On one sunny morning a few days ago we trekked off to Simply Biscotti (the place that originally spawned the reason behind this blog) on Preston St. in Ottawa. Lyn was interested in seeing the spot that has been written up some here. It was a great way to start a day. Good for the soul.
We enjoyed lattes, a morning-glory muffin and an almond tart with raspberry filling. We’d recommend any and all of them.
I heard an interview with Paul Henderson yesterday. He’s the hockey player that scored famously during the Russia-Canada hockey series oh so many years ago. If you are a hockey fan, you’ll know all the details. Paul spoke of, despite his notoriety, he feeling empty and unhappy. He ultimately found what matters in life are relationships. I don’t know hockey, but I am firmly convinced that when all is said is done, Paul has got it right. It is family and it is relationships that give meaning to life. (supplemented by the odd trip to Simply Biscotti). What do you think?
Our father, Bill Allen, served in the army in World War II. He initially trained others to drive tanks here on Canadian soil and then he served overseas-Northern Africa and Italy. He service ended before the end of the war due to serious illness. He contracted rheumatic fever and was sent home.
He was a man of solid character, our Dad. A bit of a rascal some would say. Well perhaps many would say that and we (three daughters) enjoyed his sense of adventure, wit and humour. He was full of mischief. His service in the war was never a big topic of conversation or perhaps I just wasn’t listening. If it was the latter, that is a shame for Dad never lived long enough for me to be wise enough to ask him more. He died at the relatively young age of 61 in 1979. I can only imagine the experience, the impact and the horrors of war that our Dad experienced.
Men and women who served and returned must hope and trust their work and sacrifice makes the world a better place. This was brought home to me in a very real way when in the 1970’s I was held up at gun point while working in a pharmacy in Regina, Saskatchewan.
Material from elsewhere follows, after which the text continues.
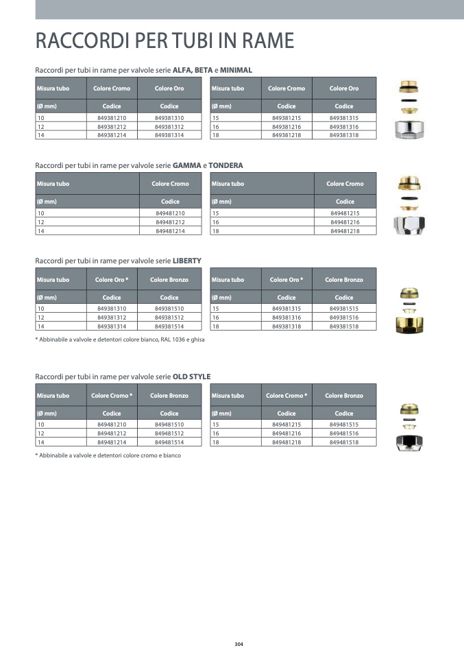 * Abbinabile a valvole e detentori colore bianco, RAL 1036 e ghisa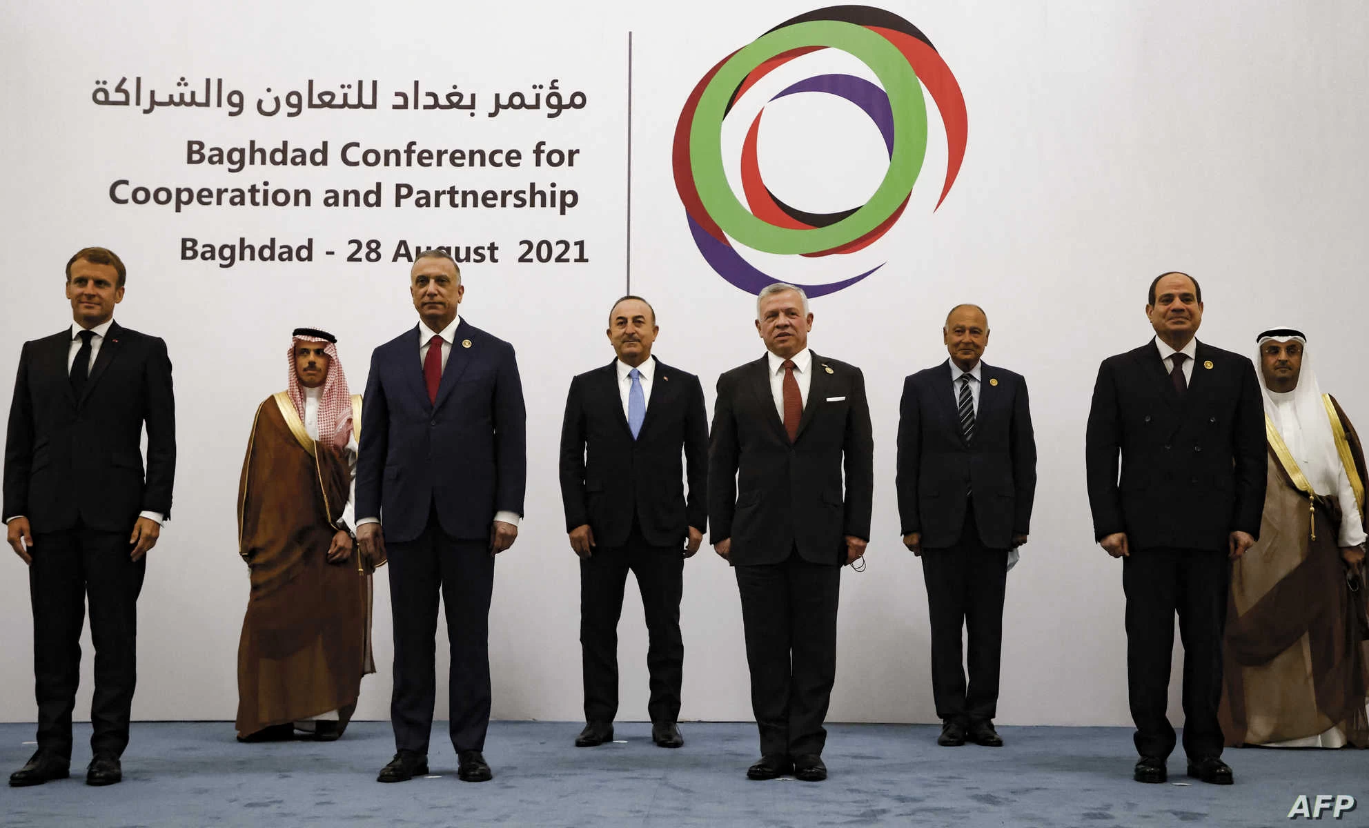 ويعقد مؤتمر “بغداد 2” في مركز الملك حسين بن طلال للمؤتمرات على ساحل البحر الميت، بعد دورة أولى أقيمت في العاصمة العراقية في آب 2021 بمبادرة من الرئيس الفرنسي إيمانويل ماكرون والعراق.

I was not harmed. Shaken, but not harmed. When I called my Dad to tell him what had happened, he said “I never served in the war so that some ba@#$rd could hold a gun to my daughter’s head!”. And I thought how he and others might have held hope the world would be rid of all evil as a result of their efforts.
If Dad were alive today, I’d travel to wherever he lived from wherever I lived. I’d accompany him to a Remembrance Day Ceremony. And I would tell him the world is a better place because of his service.
We are taking our time putting our allotment garden to sleep this fall. Most of the plant material has been cleared except for some swiss chard and a half row of lovely fall carrots. We’d tried the carrots a few weeks ago and they were delicious. After a frost we knew they would be even better.
The worst of people
You can imagine our surprise (and perhaps some of the things we said) when we met at the garden this week, shovels and forks in hand, thinking of enjoying those carrots and they were gone! Pulled up and taken. The thief or thieves must be into composting for they pulled the tops off the carrots and laid them neatly down on top the now empty row. The nerve! Carrots are pretty inexpensive in the store. Whoever you are, we’d rather you go to the green grocer for your vegetables! You have to be a certain sort to take something someone else has planted, watered and tended.
The best of people
On the same visit to the garden, a woman who has walked by and chatted with us throughout the gardening season came by to say hello. We had given her some swiss chard earlier in the year and she wanted us to come by for coffee and a snack to say thank you. And so we did. The snack turned out to be hearty delicious Lebanese lunch complete with Lebanese coffee! Mmmm good!
Within a 3 hour period on a sunny late fall afternoon we saw the worst of people and the best of people.